§ Dataset excerpts

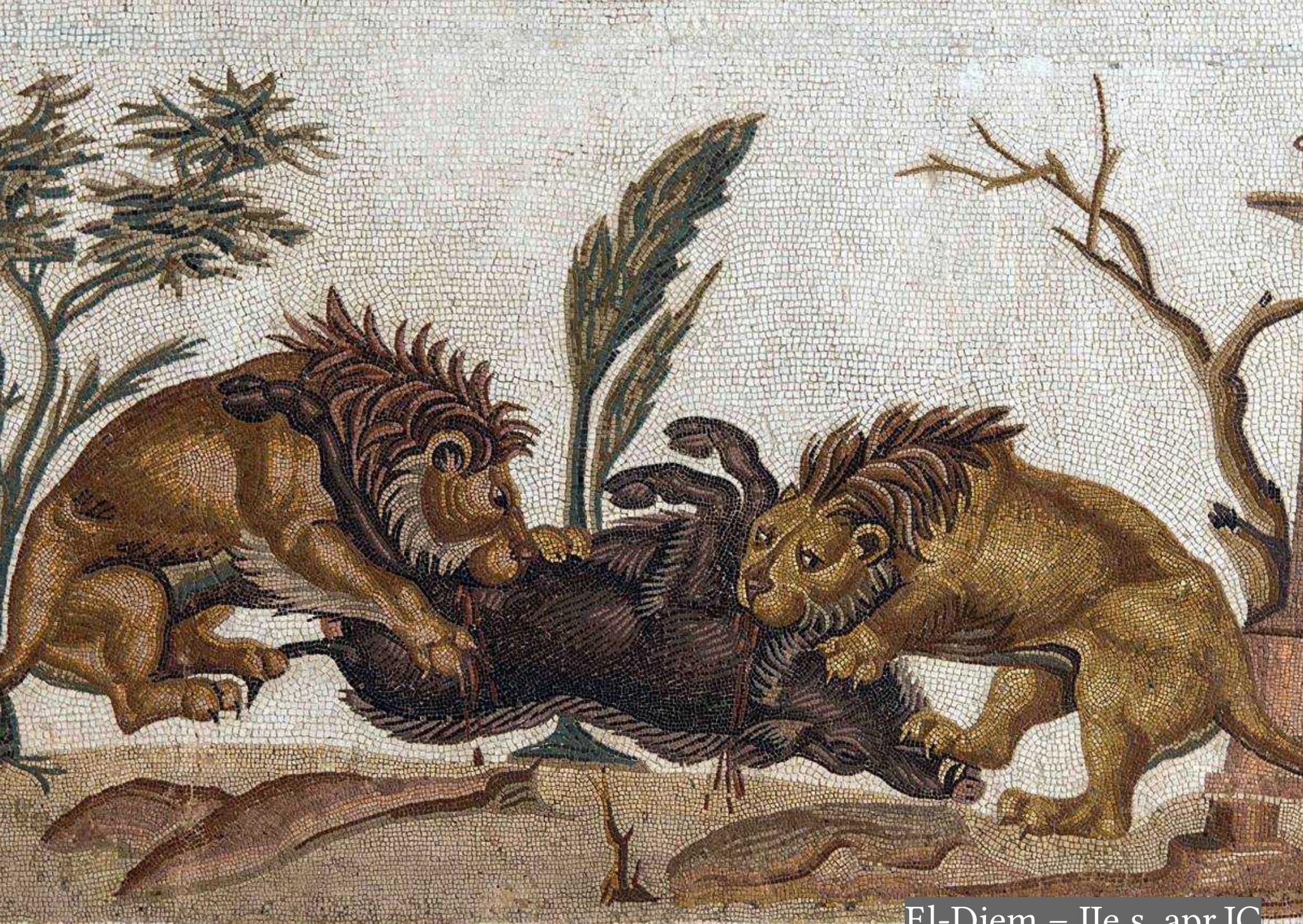
El-Djem – IIe s. apr.JC
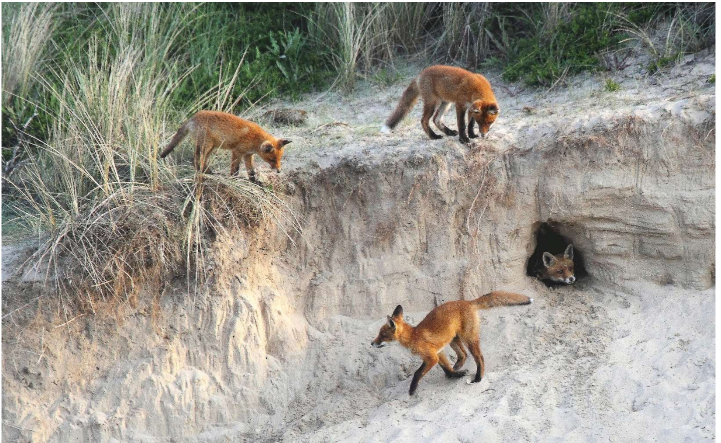
Vossenwelpen in de Noordduinen van Noordwijk
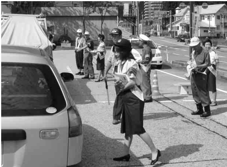
ドライバーの皆さんに交通安全を呼びかけました

最近では飲酒運転に限らず、無謀運転や運転中の不注意により、小さな子どもが重大な事故に巻き込まれるケースも起きています。今や暮らしに欠かせない便利な自動車も、運転する人の心がけ一つで「走る凶器」となります。ハンドルを握るときは、交通事故の怖さを忘れずに、安全な運転を心がけましょう。
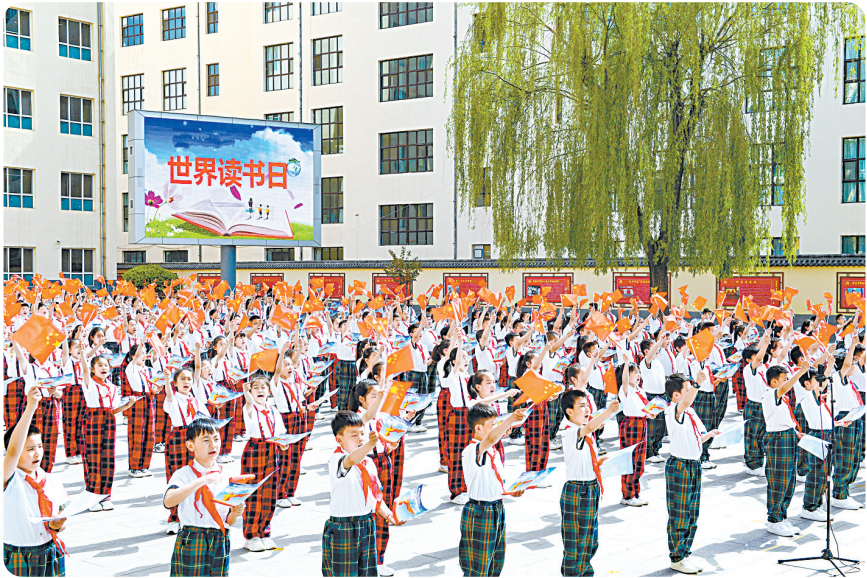
我市书香氛围日益浓厚，全民阅读蔚然成风。

文化长治，书香氤氲。书承文脉，香满家园。 从打卡“最美书店”到参加线上阅读活动，从社区书屋的便民服务到公共图书馆的智慧升级，从校园晨读的朗朗童声到数字阅读的互动体验……放眼长治大地，书香氛围日益浓厚，全民阅读蔚然成风。 近年来，我市加快推进全民阅读，建设书香长治，通过构建全域阅读生态、创新阅读服务模式、丰富阅读实践活动，培育全民阅读品牌，吸引全社会参与到阅读中来，形成爱读书、读好书、善读书的浓厚氛围，为推动全市经济社会高质量发展厚植文化底蕴、凝聚精神力量。
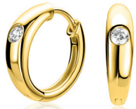
ZIO 2898 oorringen 16mm 89. 95

Geïnspireerd op de glamour van de seventies. Van krachtige schakels en vloeiende vormen tot verfijnde klassiekers: tijdloze sieraden met karakter. Who's calling who?
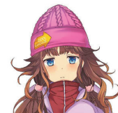
環境省COOL CHOICE MOE 萌えキャラクター
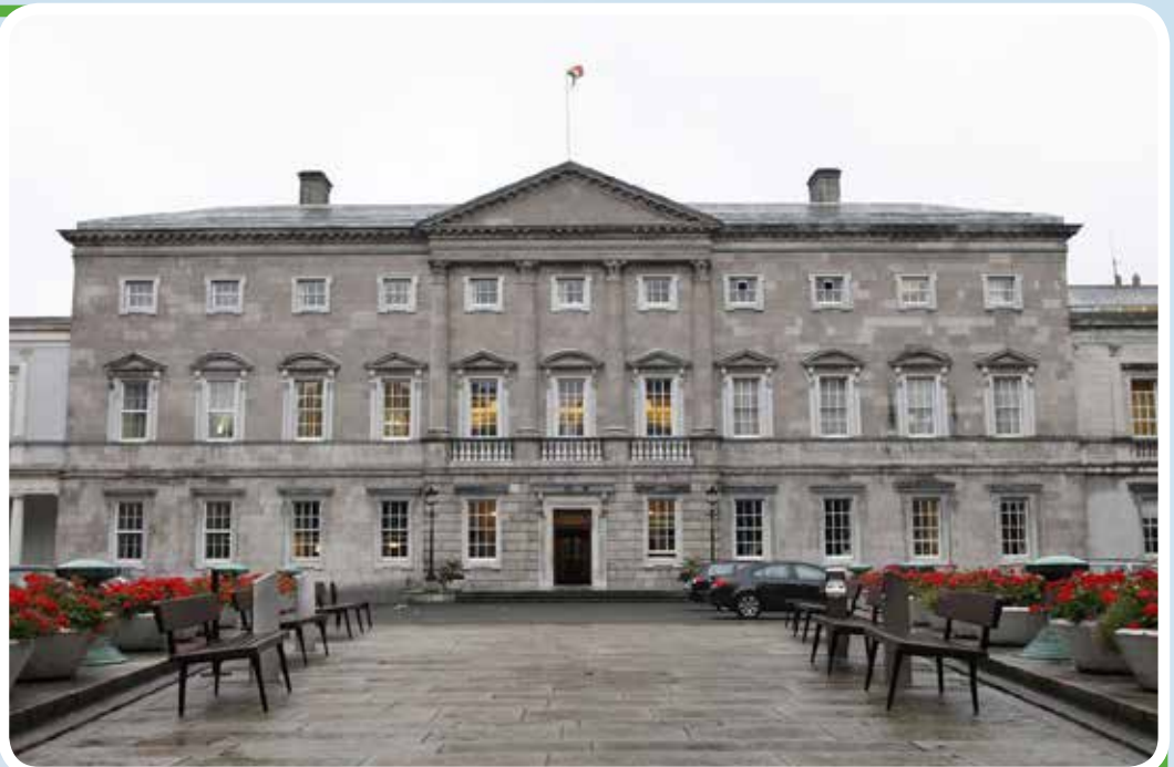
Irish Parliament (Dáil Éireann)

Tag in Irland wird Sie „erfüllen“: Unser Besuch des irischen Parlaments, des „Dáil“, besteht nicht nur aus einer Führung durch dieses im 18. Jh. von dem hessischen Architekten Richard Cassels entworfene einstige Herrenhaus. Wir werden auch eine/n Parlamentarier/in treffen und über aktuellste politische Themen, das moderne Irland betreffend, diskutieren. Danach wird noch etwas Zeit für einen Aufenthalt in Irlands Hauptstadt sein, auch mit der Gelegenheit zum Besuch einer Ihnen wichtigen Sehenswürdigkeit. Vielleicht wollen Sie aber zum Abschluss nur die lebendige Innenstadt um den Temple Bar Bezirk oder Grafton Street erkunden? Ihre Reiseleiter werden Ihnen bei der Planung helfen! Nachmittags Weiterfahrt zum Flughafen und Rückflug nach Düsseldorf.
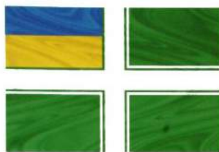
рис. А.48.2. Військово-морський прапор Державної прикордонної служби України
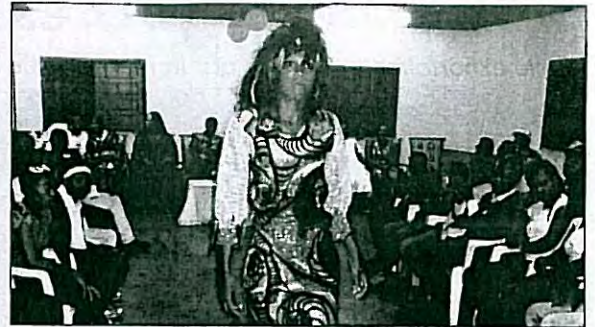
L'assistance suivant le passage d'un mannequin lors du défilé de mode à Bitam.

quelles sont souvent confrontées les familles démunies lors de la rentrée des classes.

§ Instructions to follow
Every line in the data above that contains "全民阅读蔚然成风" needs to be copied.

§ Expected output
我市书香氛围日益浓厚，全民阅读蔚然成风。
文化长治，书香氤氲。书承文脉，香满家园。 从打卡“最美书店”到参加线上阅读活动，从社区书屋的便民服务到公共图书馆的智慧升级，从校园晨读的朗朗童声到数字阅读的互动体验……放眼长治大地，书香氛围日益浓厚，全民阅读蔚然成风。 近年来，我市加快推进全民阅读，建设书香长治，通过构建全域阅读生态、创新阅读服务模式、丰富阅读实践活动，培育全民阅读品牌，吸引全社会参与到阅读中来，形成爱读书、读好书、善读书的浓厚氛围，为推动全市经济社会高质量发展厚植文化底蕴、凝聚精神力量。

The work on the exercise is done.